Roster of experts available for interviews with journalists
The Somali Media for Environment, Science, Health and Agriculture (SOMESHA) concerns the current Food security crisis exist across Somalia though the humanitarian situation remains fragile and gains could reverse without continued humanitarian assistance. The production and export of charcoal represent a colossal loss of the country’s forests.
The environment in Somalia has already been severely degraded due to conflict and unsustainable use of natural resources. The ecosystems and livelihoods of the people have been heavily impacted due to floods, famine, droughts, and climate change. Moreover, water depletion is a permanent crisis in many areas. Illegal harvesting of marine resources by foreign vessels and wildlife exploitation are of major concern.
The Office for Coordination of Humanitarian Affairs (OCHA) reported that an additional 1.7 million people who emerged from crisis in the past year are in a stressed food security situation and at risk of falling back into crisis without continued support to meet basic needs and enhance their livelihoods. Most parts of Somalia are classified as stressed or of phase two of food in security, which means that at least one in five households can meet minimum food needs, but are unable to cover some essential non-food needs and have reduced ability to invest in livelihoods.

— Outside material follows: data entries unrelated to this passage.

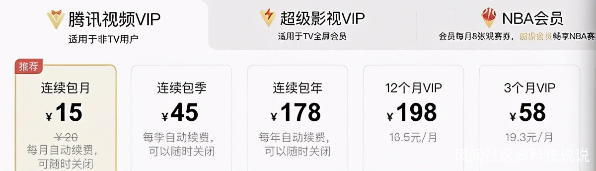 目前,(未漲價前)騰訊視頻連續包月的價格為15元,連續包季的價格為45元,連續包年的價格為178元;非連續包月的價格為20元,非連續包季的價格為58元,非連續包年的價格為198元。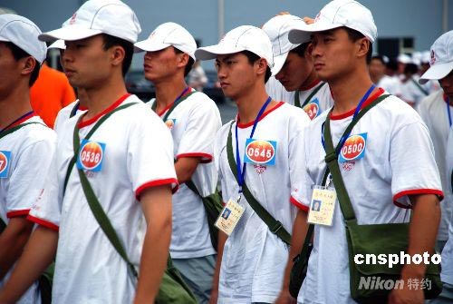 7月15日早上,駐京海軍某部300名官兵身著統(tǒng)一服裝到鳥巢參加奧運開幕式彩排。 中新社發(fā) 楊慧峰 攝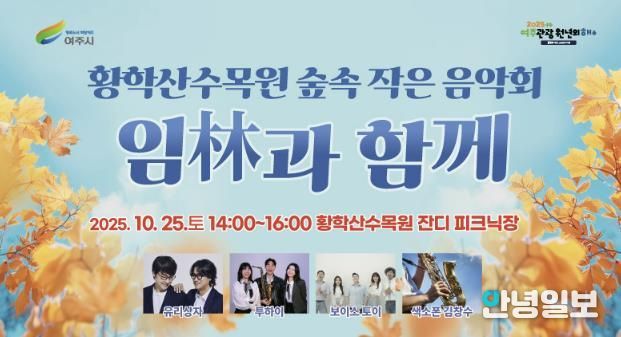 안녕일보 배윤 기자 | 여주시는 오는 10월 25일 오후 2시부터 4시까지 황학산수목원 잔디피크닉장에서 ‘임(林)과 함께’ 음악회를 연다고 밝혔다.

Although, the United Nations declared a famine in the most regions of southern Somalia on July 20, 2012.
A tear humanitarian crisis that has been deteriorating for months into the spotlight. There are many causes exacerbating the impact of this famine: endemic poverty, decades of violence, the lack of a viable governance structure, and poor land use practices. While responses should take these elements into account, they must also consider another factor to ensure Somalia's long-term food security: the potential of climate change to exacerbate existing problems and aggravate future crises. Climate change is notoriously unpredictable, and the extent to which it can be blamed for Somalia's current woes is uncertain. Internal violence has wreaked havoc on the livelihoods of Somalis by making land ownership tenuous, cutting off access to markets, and causing the country's feeble infrastructure to fall into disrepair.

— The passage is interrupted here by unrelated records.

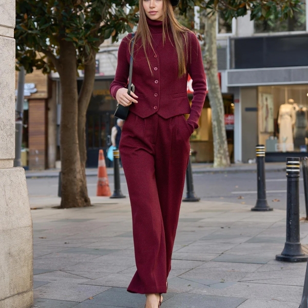 Setul vișiniu format din pantaloni palazzo și vestă cu nasturi este alegerea ideală pentru un look modern și confortabil. Croiala lejeră oferă libertate de mișcare, iar tricotajul moale asigură un plus de eleganță și căldură. Potrivit pentru ținute de zi, birou sau ieșiri casual în sezonul rece.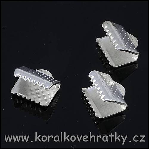 Koncovka na kůži, stužky, 12x5mm, barva stříbrná (balení 52ks)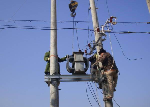 黃化制鈣公司居民區(qū)已有三十多年歷史,目前居住400多戶居民。由于使用年久老化,變壓器容量小、供電半徑大,線路長、線徑細,電壓不穩(wěn),供電效率低。加上居民生活水平提高,用電量增加,供電矛盾日益突出,嚴重影響空調(diào)、冰箱等家用電器正常使用,居民意見很大??紤]到這項工程需投資資金較大,而老居民區(qū)情況復雜、經(jīng)濟上大多比較困難,為快速化解居民用電矛盾,讓他們過上祥和、舒心的春節(jié),臺北供電所自籌資金,領(lǐng)導親自到現(xiàn)場勘察,擬定整改方案。該所人員全部出動,雇用工具車三臺、吊車兩輛,運送一臺100千伏安變壓器、兩個配電箱和10根電桿,自帶導線等材料趕赴施工現(xiàn)場。在居民的支持和配合下,克服了巷口復雜、圍墻歪斜、樹枝凌亂、布局很不規(guī)則等困難,奮戰(zhàn)多日,安裝一臺新變壓器,將原來的一條線進入改為三條線進入,增加供電功率,擴大供電容量。通過進戶測試,均達到用電標準,給居民帶來了冬天的溫暖。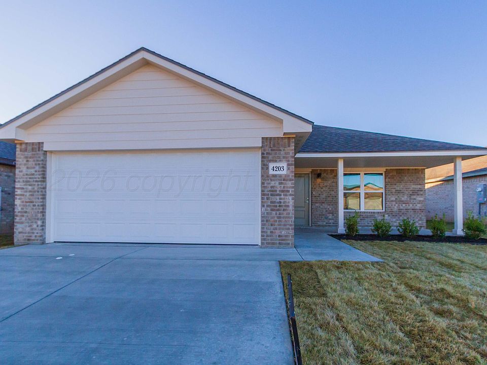 Eastland Homes' new construction is nestled in the charming neighborhood of Beacon Pointe within the Canyon Independent School District. This stylish home offers 3 bedrooms, 2 bathrooms, and a 2-car garage. The kitchen, featuring granite countertops. The open floor plan maximizes space and comfort, creating a welcoming living environment. With a sprinkler system and sod in the front and backyard, this home also boasts excellent curb appeal in this newer subdivision.

An increase in population growth by 3.2 percent each year also has placed additional strain on land, leading to more conflict and environmental degradation in a society heavily dependent on natural resources. In order to ensure Somalia's future food security, a shift must take place to acknowledge the impact that climate change will have on agriculture and livestock.
The exact impact that climate change will have is uncertain given the available information. There is no adequate awareness growing among Somalis themselves about climate change and communities across the country have noticed marked changes in temperature and rainfalls, although most attribute it to divine retribution for the failings of humankind. It seems likely that the leaders of Somalia do not have the scientific background needed to appreciate the seriousness and nature of climate change as it bears on the future of Somalia.

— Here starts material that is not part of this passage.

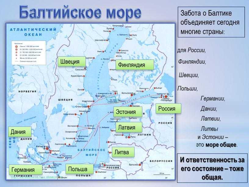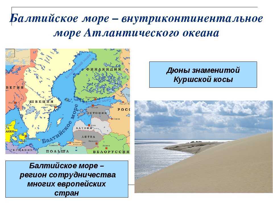 Балтийское море — это внутреннее море в Евразии, расположенное в Северной Европе и частично омывающее побережья Западной и Восточной Европы. Он является частью бассейна Атлантического океана. Балтийское море — это внутреннее море, отделенное от моря Скандинавским полуостровом и омывающее берега российских областей Ленинградской и Калининградской. Море соединено с океаном узкими и мелководными проливами, что затрудняет водообмен. Для полного восполнения запасов воды требуется 20-40 лет. Балтийское море имеет большие заливы: Ботнический залив, Финский залив, Рижский залив и Куршский залив. Площадь Балтийского моря составляет 419 000 км 2, что почти столько же, сколько площадь Черного моря (422 000 км 2 ). Протяженность береговой линии Балтийского моря составляет 7 000 км. Россия имеет около 500 км береговой линии, т.е. около 7 %. Объем воды составляет 21,5 тыс. км;

Education and training programs can broaden this awareness and give Somalis the tools to adapt to the consequences of climate change although Somalia lacks the institutions and government structure needed to protect its population against increased food insecurity.
UN agencies such as WFP, UNDP, IOM, FSNAU, UNHCR and FAO have stepped in to fill the vacuum, but their operations have been limited and they did nothing sufficient action towards social transformation and climate change awareness. Even though, they did not trained any single journalist across Somalia on climate change coverage and knowledge in general.